A new validated course goes online

How do you teach a practical skill and stretch those boundaries of podiatric practice? That is the task facing organisers Ian Reilly (IR) and Belinda Longhurst (BL) with a new course – we might just call skin surgery, and now was now well underway.

I was invited to attend the practical day of the weekend Part C section of the skin surgery course. Enabled to observe, comment, and interview the delegates / candidates for this first exposure to skin surgery was exciting as my interest – well, I have been wanting to see a change to current practices that podiatrists would allow simple skin procedures to be undertaken since my time as past Dean of Faculty of Surgery (2012-14). Both frontiers’ people come from varied backgrounds to combine their academic-clinical skills in dermatology and podiatric surgery. Of course, the course is more than skin as it delves into many baseline techniques that would have been performed by the podiatric surgeon. Termed a ‘module’, a standard tool for modern educational delivery, the opportunity to expand podiatric skills is open to HCPC registered podiatrists with POM-A/S, SP or IP annotation [Royal College of Pharmacy] and a minimum of two years post-qualification experience. Therefore, there is an expectation that delegates are comfortable working at ‘postgraduate level’ and are up to date with current HCPC standards of proficiency

Candidates and Location

Nineteen candidates, all with foundation skill in ankle blocks attended a two-day course at the Cripps post-graduate medical centre at Northampton General Hospital. As the temperature dropped outside, adding a little icing on cars parked nearby on a Sunday morning, inside, the keen audience were toasty and bubbled with enthusiasm. Such enthusiasm had not been seen since those halcyon days when local anaesthetic and phenolisation was taught to eager chiropodists in the seventies by American podiatrists (DPMs) as part of the  Croydon Post-graduate group.  It was not that podiatry had not celebrated other seminal events such as degrees and POM access, but moving into an area that had previously been unchartered territory and more frequented by dermatologists and GPs at a superficial level. Today the faculty was all British rather than American. Podiatry has always appreciated US input, but today Podiatry in the UK has sufficient expertise to take the profession forward. Belinda and Ian, together with other podiatry speakers, mainly from the Faculty of Surgery, worked with the Royal College of Podiatry to change the skill set of a new generation of podiatrists producing a detailed and exacting core syllabus.

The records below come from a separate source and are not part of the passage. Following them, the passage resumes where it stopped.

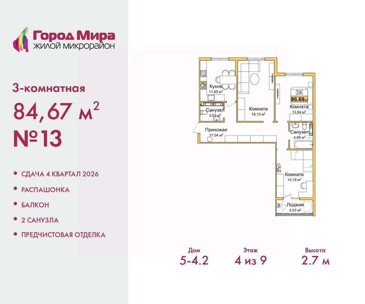 Просторная 3-комн. квартира с предчистовой отделкой в ЖМ ''Город Мира'' на 4 этаже. Общая площадь: 84.67 кв.м., жилая: 46.28 кв.м., площадь просторной кухни-столовой: 11.65 кв.м. Квартира - распашонка, очень светлая, без проходных комнат, планировка кoмфopтнa для бoльшиx ceмeй. В квартире один балкон, один совмещенный и один раздельный санузел. Высота потолков 2.7 м. Квартиры в ЖК ''Город Мира'' ваш комфорт начинается здесь! ''Город Мира'' это масштабный жилой комплекс, созданный для тех, кто ценит комфорт, безопасность и гармонию с природой. Здесь продумана каждая деталь: от удобной инфраструктуры до эргономичных планировок квартир. В 2024 году микрорайон ''Город Мира'' победил в номинации ''Лучший экологический проект года в сфере строительства'' по версии премии Crimea Urban Awards. Почему выбирают наш комплекс: - Зеленый оазис живите среди природы в черте города. - Всё под рукой 2 детских сада, магазины, фитнес, медицина. - Безопасность: закрытая территория с видеонаблюдением. Наши квартиры: - Просторные планировки с кладовыми. - Лоджии с остеклением. - Автономное отопление: платите только за реальное потребление. - Предчистовая отделка, включает стяжку пола, без штукатурки стен. - Консьерж-сервис и подземный паркинг. Инфраструктура комплекса: - Детские и спортивные площадки. - Зоны отдыха с беседками. - Фитнес-клубы и салоны красоты. - Будущая школа на территории, уже функционируют два детских сада. Выгодные условия покупки: - Ипотека от 5,5%, военная ипотека от 5,5%. - Рассрочка. - Материнский капитал на первоначальный взнос. Квартира находится в корпусе 5_4.2. Дом монолитный, одноподъездный, высотой 9 этажей. В подъезде 1 грузовой лифт. Окончание строительства - 4 квартал 2026 года. Оформление сделки по договору долевого участия. #zssgai
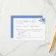 Make your wedding day uniquely yours with our customizable minimalist invite insert RSVP reply card template. This invite insert has a dusty blue flower with a place for guests to write meal food choice selection (chicken, fish, vegetarian), names, dietary needs, and song requests. Personalize your invitation enclosure with easy editable text and print with Zazzle!
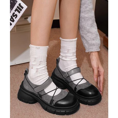 厚底ソールとストラップデザインが特徴のメリージェーンシューズ。
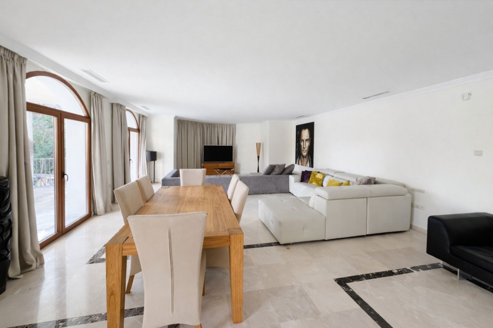 - EXCLUSIVE LISTING! SUPER OFFER! THE BANK ESTIMATES THE VILLA HAS A VALUE OF €4,600, 000, THE OWNER WANTS TO SELL IT QUICKLY AND THEREFORE THE LAST MINUTE OFFER IS ONLY €3,495, 000 This villa is located in the El Paraiso urbanization, approximately 18 km west of Marbella, near the El Paraiso Golf Club. On the ground floor, upon entering, you will find a staircase leading to the first floor and another leading to the semi-basement. On this floor there are 4 bedrooms, two of which share a bathroom and terrace. On the first floor there is another bedroom with a window, and on the other side of the hallway is the master suite with its private south-facing terrace, with sea views. The semi-basement is the main living area, located at garden level, with French doors on the left leading outside. Next to it is the dining kitchen, as well as a separate space that could be used as staff accommodation. This space can also be accessed from the semi-basement, which has its own independent entrance. The electrical room is also on this floor. The semi-basement has parking for at least three large cars, as well as the machine room and water tanks. This property is undergoing a major renovation and there are plans to change the layout of the 4-level house.
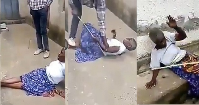 The man was seen manhandling his grand mother and flogging her without mercy.
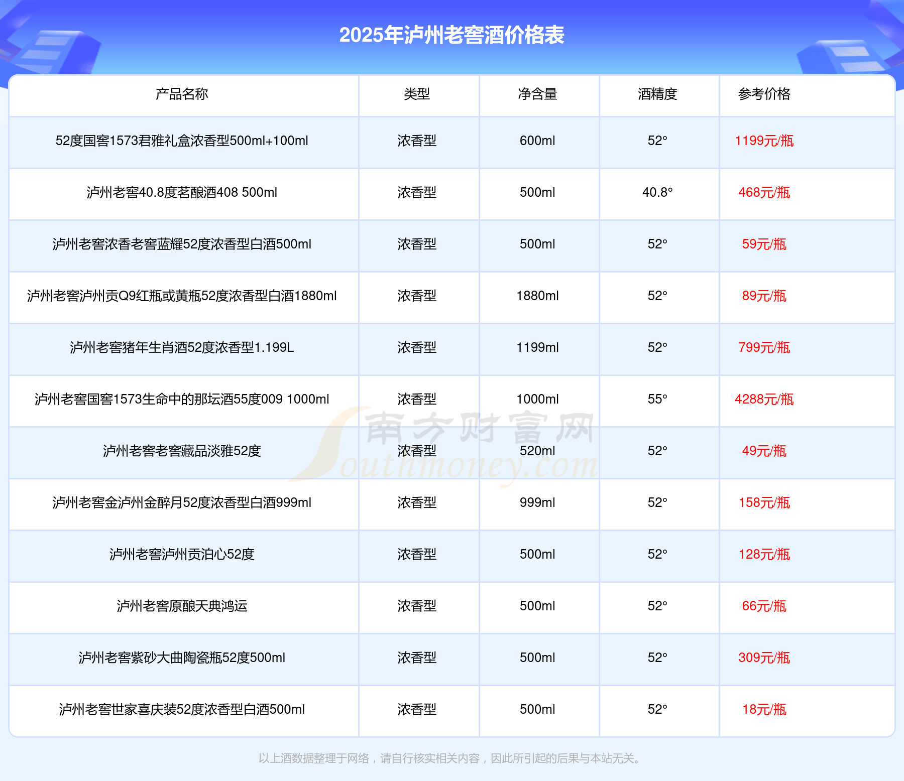 2025年,瀘州老窖國窖1573春釀鼠兆豐年E 55度、瀘州老窖國窖1573生命中的那壇酒55度014、瀘州老窖國窖1573春釀鼠兆豐年A 55度、瀘州老窖國窖1573生命中的那壇酒55度013濃香型白酒1000ml、瀘州老窖國窖1573生命中的那壇酒55度009 1000ml、瀘州老窖國窖1573中國品味52度濃香型白酒500ml、瀘州老窖國窖1573許燎源概念作品58度濃香型白酒1000ml、瀘州老窖52度國窖1573狗年生肖禮盒等瀘州老窖酒價格如下:瀘州老窖國窖1573春釀鼠兆豐年E 55度參考價17999元/瓶、瀘州老窖國窖1573生命中的那壇酒55度014參考價9999元/瓶、瀘州老窖國窖1573春釀鼠兆豐年A 55度參考價5088元/瓶、瀘州老窖國窖1573生命中的那壇酒55度013濃香型白酒1000ml參考價4988元/瓶、瀘州老窖國窖1573生命中的那壇酒55度009 1000ml參考價4288元/瓶、瀘州老窖國窖1573中國品味52度濃香型白酒500ml參考價2888元/瓶、瀘州老窖國窖1573許燎源概念作品58度濃香型白酒1000ml參考價2680元/瓶、瀘州老窖52度國窖1573狗年生肖禮盒參考價2143元/瓶。

“The module involves 100 hours of study, delivered in 6 parts..”

Director of Education for the Royal College of Podiatry, Dr Paul Chadwick, felt that the resistance to such changes was not evident. On the contrary, the support from the past Dean of the Faculty of Surgery was encouraging. “Ensuring it was academically valid enough through our academic and clinical governance group, quality assurance committee. So we’ve tried to make sure that it’s rigorous and can stand up to external scrutiny and rigour of external assessment.”
I asked Paul if he thought taking on board some of the discussions within the SAKS Report that the First Contact Practitioners [link] would be blend in with this concept? 

“I think we should be selling that as a profession to be that role for us. They shouldn’t be going to see the GP in the first instance. Suppose they’ve got a lower limb condition. In that case, they should be coming to see the podiatrist screen out, treat, manage what can be managed effectively, and then refer on which needs further investigation. So I think podiatry is primed for this particular role.”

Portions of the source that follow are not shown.